Re-reviewing this patch, I note that your 301 is going to move the POST data into the GET part of the URL. You'd need to use $wgRequest->getQueryValues() instead. Although personally I'd still just change the 500 to a 400 and let people fix their broken code.

any update for the patch? @Bawolff

This is considered not serious enough to trigger a new version of mediawiki on its own, so its going to be included in the next security release of mediawiki (whenever that is). Its been a while since last security release, so a new one will probably happen sometime soonish, but I'm not exactly sure when.

Reedy added a subscriber: Reedy.Nov 3 2017, 12:01 AM

Re-reviewing this patch, I note that your 301 is going to move the POST data into the GET part of the URL. You'd need to use $wgRequest->getQueryValues() instead. Although personally I'd still just change the 500 to a 400 and let people fix their broken code.

I guess this patch needs some followup work?





Reedy closed this task as Resolved.Nov 13 2017, 4:18 PM
Reedy assigned this task to Bawolff.

Closes as resolved (due to patches existing, and backports having been made), for ease of tracking in parent bugs

Reedy changed the visibility from "Custom Policy" to "Public (No Login Required)".
Reedy changed the edit policy from "Custom Policy" to "All Users".

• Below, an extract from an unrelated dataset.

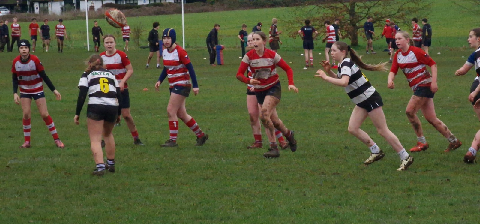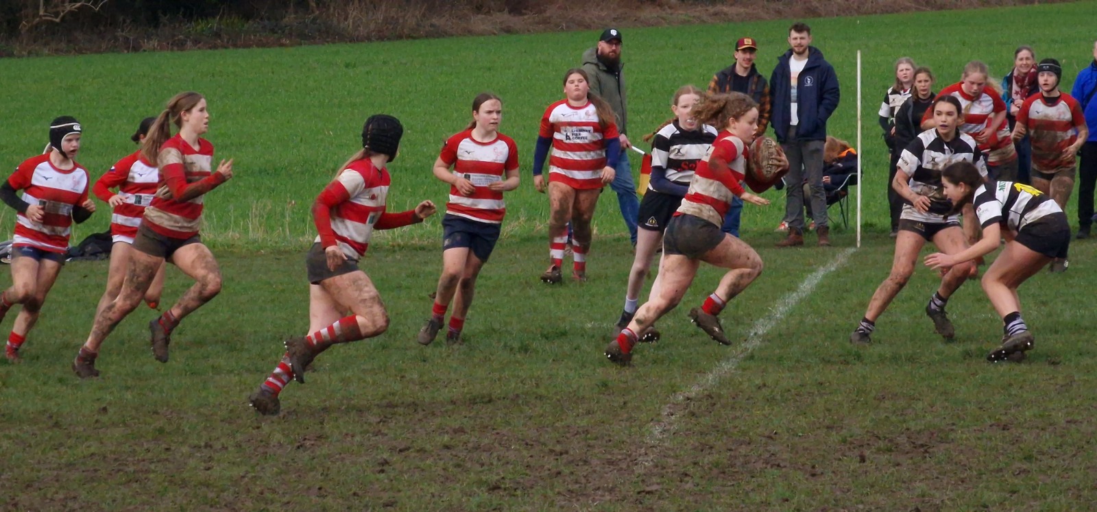 The tone was set straight from the kick off when fly half Rosie Matthews collected the ball and broke from one 22 to the other. The front row of Lola Kane, Oriana Fisher, Sophie Wells and Leah El Bizanti rotated through the match but held a level of dominance in the scrums we rarely see at this age group, putting the taller Farnham front row under constant pressure. The forwards battered holes in the opposition defence, regularly making yards past the gain line and drawing defenders in to give clean ball for scrum halves Emily Carloss (1st half) and Sophia Rodrigues Mann (2nd half) to provide distribution for Matthews to feed the constant threat from centres Evie Powell and Scarlett McSweeney to run at space and tiring defenders. McSweeney continued her prolific scoring rate with 5 more tries, the pick of which was an audacious catch behind her head running at full pace on halfway to glide through the defence and score in the corner. Powell was rewarded with a try in the 2nd half that were fully deserved for her leadership, work rate and strong carries in regularly setting up her centre partner .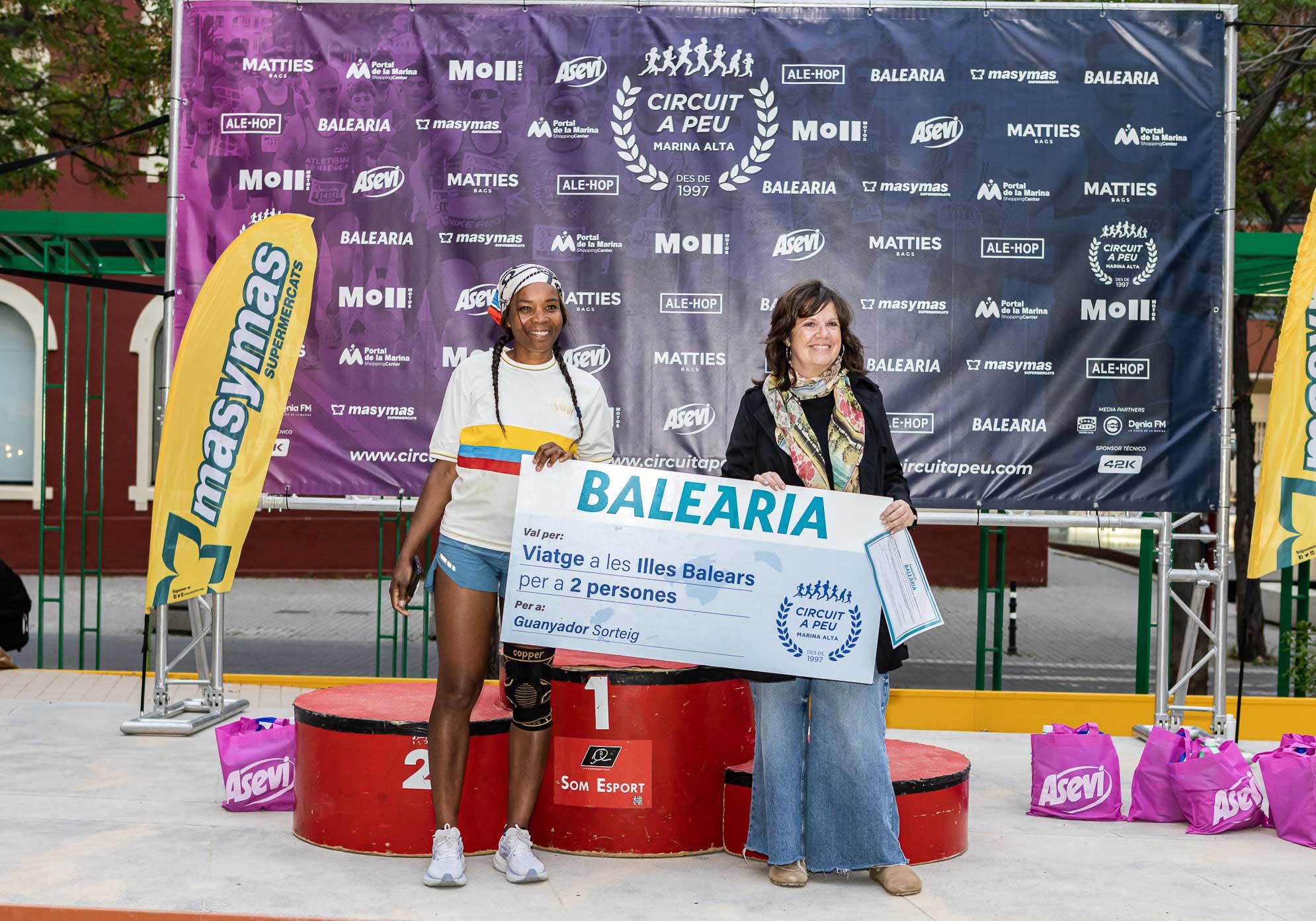 L’agraciada en el sorteig del viatge er a dos persones, que podrà viatjar a qualsevol destí de la naviliera BALEÀRIA, en la Volta a Peu a Dénia, li va correspondre a l’atleta de CA Ondara Tania Belalcazar, que va rebre el premi de mans de la gerent de la Fundació Baleària Maribel Pérez.

Change 391411 had a related patch set uploaded (by Ejegg; owner: Anomie):
[mediawiki/core@fundraising/REL1_27] SECURITY: API: Avoid some silliness with browser-guessed filenames

https://gerrit.wikimedia.org/r/391411

Change 391419 had a related patch set uploaded (by Reedy; owner: Anomie):
[mediawiki/core@REL1_30] SECURITY: API: Avoid some silliness with browser-guessed filenames

https://gerrit.wikimedia.org/r/391419

Change 391419 merged by Reedy:
[mediawiki/core@REL1_30] SECURITY: API: Avoid some silliness with browser-guessed filenames

https://gerrit.wikimedia.org/r/391419

Change 391411 merged by jenkins-bot:
[mediawiki/core@fundraising/REL1_27] SECURITY: API: Avoid some silliness with browser-guessed filenames

https://gerrit.wikimedia.org/r/391411

Change 391449 had a related patch set uploaded (by Reedy; owner: Anomie):
[mediawiki/core@master] SECURITY: API: Avoid some silliness with browser-guessed filenames

https://gerrit.wikimedia.org/r/391449

Change 391449 merged by jenkins-bot:
[mediawiki/core@master] SECURITY: API: Avoid some silliness with browser-guessed filenames

https://gerrit.wikimedia.org/r/391449

Change 391714 had a related patch set uploaded (by Chad; owner: Anomie):
[mediawiki/core@wmf/1.31.0-wmf.8] SECURITY: API: Avoid some silliness with browser-guessed filenames

https://gerrit.wikimedia.org/r/391714

Change 391714 merged by jenkins-bot:
[mediawiki/core@wmf/1.31.0-wmf.8] SECURITY: API: Avoid some silliness with browser-guessed filenames

https://gerrit.wikimedia.org/r/391714

The redirect is being complained about in T215857: api.php PATH_INFO check infinite recursion, FYI.